Amazon Interview Question
Software Engineer / DevelopersCountry: United States
I do not know who has downvoted king's answer, but I would try to do it too - use the external merge sort if we are limited in the memory.
Burstsort and its variants are cache-efficient algorithms for sorting strings and are faster than quicksort for large data sets, first published in 2003.[1]
Burstsort algorithms use a trie to store prefixes of strings, with growable arrays of pointers as end nodes containing sorted, unique, suffixes (referred to as buckets). Some variants copy the string tails into the buckets. As the buckets grow beyond a predetermined threshold, the buckets are "burst", giving the sort its name. A more recent variant uses a bucket index with smaller sub-buckets to reduce memory usage. Most implementations delegate to multikey quicksort, an extension of three-way radix quicksort, to sort the contents of the buckets. By dividing the input into buckets with common prefixes, the sorting can be done in a cache-efficient manner.
There are several part of the question
1. Fastest sorting algorithm for string depend on the input
- if all the input string has equal size: radix sorting is the best choice with complexity of O(k*n) with k is the size of the string. Space complexity O(n) since it can not be done in-place
- if the input has very different size: and the longest string can be large > 20, quick sort is generally favored . The space complexity is O(1), it can be done in-place
2. Sorting when the number of string is large. When he mean "large", it should be inferred as large than memory can handle (for both in-place or out-of-place)
The answer for the case that we can sort in the memory I have mentioned above.
Now I assume we need to do external sorting.
One potential solution (that can combine with the other in-memory method that I mentioned above)

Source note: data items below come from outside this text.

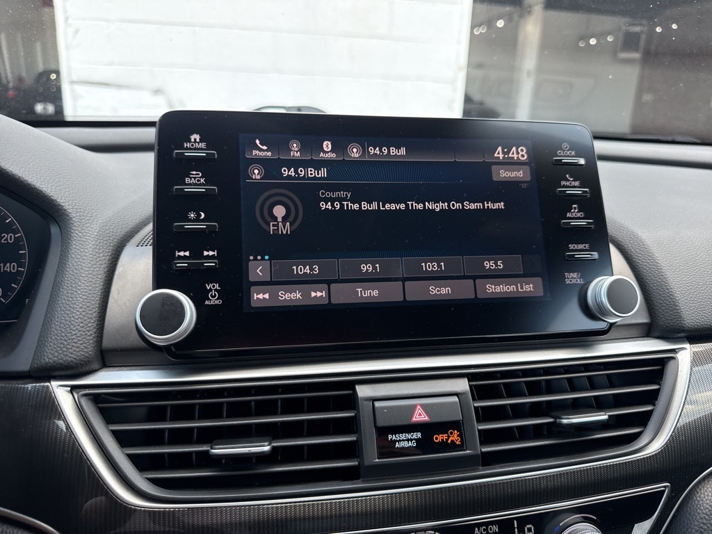 White 2018 Honda Accord Sport 1.5T I4 DOHC 16V Turbocharged VTEC CVT 4D Sedan 4-Wheel Disc Brakes, 8 Speakers, ABS brakes, Air Conditioning, Alloy wheels, AM/FM radio, Apple CarPlay/Android Auto, Auto High-beam Headlights, Automatic temperature control, Brake assist, Bumpers: body-color, Cloth Seat Trim, Delay-off headlights, Driver door bin, Driver vanity mirror, Dual front impact airbags, Dual front side impact airbags, Electronic Stability Control, Emergency communication system: HondaLink, Exterior Parking Camera Rear, Four wheel independent suspension, Front anti-roll bar, Front Bucket Seats, Front Center Armrest, Front dual zone A/C, Front fog lights, Front reading lights, Fully automatic headlights, Illuminated entry, Knee airbag, Leather Shift Knob, Leather steering wheel, Low tire pressure warning, Occupant sensing airbag, Outside temperature display, Overhead airbag, Overhead console, Panic alarm, Passenger door bin, Passenger vanity mirror, Power door mirrors, Power driver seat, Power steering, Power windows, Radio data system, Radio: 180-Watt AM/FM Audio System, Rear anti-roll bar, Rear seat center armrest, Rear window defroster, Remote keyless entry, Security system, Speed control, Speed-sensing steering, Speed-Sensitive Wipers, Split folding rear seat, Spoiler, Steering wheel mounted audio controls, Tachometer, Telescoping steering wheel, Tilt steering wheel, Traction control, Trip computer, Variably intermittent wipers, and Wheels: 19" Machine-Finished Alloy w/Black Inserts.
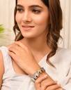The size of the bangle is approximately 2.5 inches. Since, it has an opebale clasp, it can easily fit to a wrist size of 2.4 and 2.6 and 2.8, The Piece is designed in antique finish and is handmade, minor imperfections in design, shape, color, weight may be considered as uniqueness of handicraft and not defect., The vintage oxidized plating creates a beautiful antique look that highlights the meticulous textures and floral patterns across the metal., Built to last, these sturdy metal alloy bracelets offer a high-end look while remaining comfortable enough for long-wear during weddings and festivals., The collection includes a classic open-ended tribal kada with ball terminals and a wide-band filigree cuff for a diverse jewelry wardrobe., This bangle can be worn in any occasion whether it is a wedding, anniversary, festival, engagement, etc. It can be an ultimate gifting option for your special ones or even good for unexpected invitations.
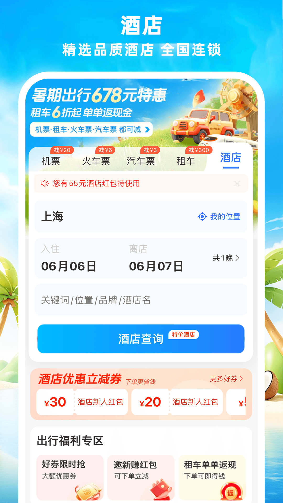 【酒店预订】全国范围内的酒店都可在线预订,无论是钟点房、品牌酒店还是民宿等这里都有,还能享受优惠补贴呢。
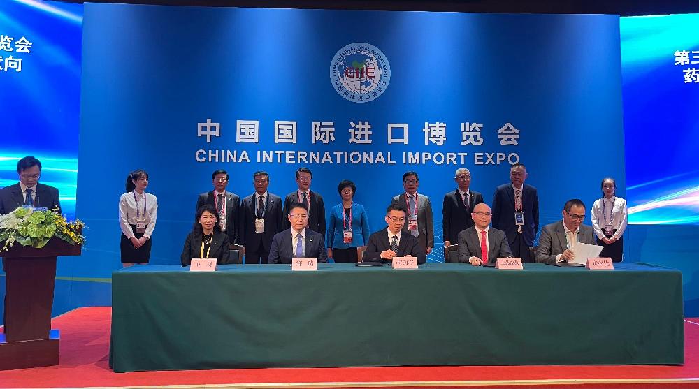 11月8日,上海市醫(yī)保局在進(jìn)博會(huì)現(xiàn)場(chǎng)首次舉行帶量采購中選藥品和高值醫(yī)用耗材采購意向簽約儀式。蒞臨簽約儀式的領(lǐng)導(dǎo)有上海市副市長(zhǎng)宗明,上海市政府副秘書長(zhǎng)顧洪輝,上海市醫(yī)療保障局局長(zhǎng)夏科家,中國國際進(jìn)口博覽局副局長(zhǎng)劉福學(xué),申康醫(yī)院發(fā)展中心主任王興鵬,上海市衛(wèi)生健康委副主任衣承東,上海市藥品監(jiān)督管理局局長(zhǎng)聞大翔,上海市醫(yī)療保障局副局長(zhǎng)羅惠民,上海市醫(yī)療保障局價(jià)格招采處處長(zhǎng)龔波,上海市醫(yī)藥集中招標(biāo)采購事務(wù)管理所所長(zhǎng)朱詩翀等。上海醫(yī)藥執(zhí)行董事、副總裁、上藥控股總經(jīng)理李永忠,上藥控股助理總經(jīng)理宋潞潞等代表上藥控股出席了本次儀式。

- Sort all string based on the length of the string
- you need only a linear scan to collect the length
- you need another linear scan to put string on to the group based on the length
- Based on the counting histogram, divide the pre-sorted string into group that fit onto the memory then sort
- Chose radix sorting if the length in the group uniform
- Chose quicksort if the length is non-uniform or the number of string is small log N is a small number
- At this point the only extra step is to merge between sorting string elements of the same length in consecutive groups.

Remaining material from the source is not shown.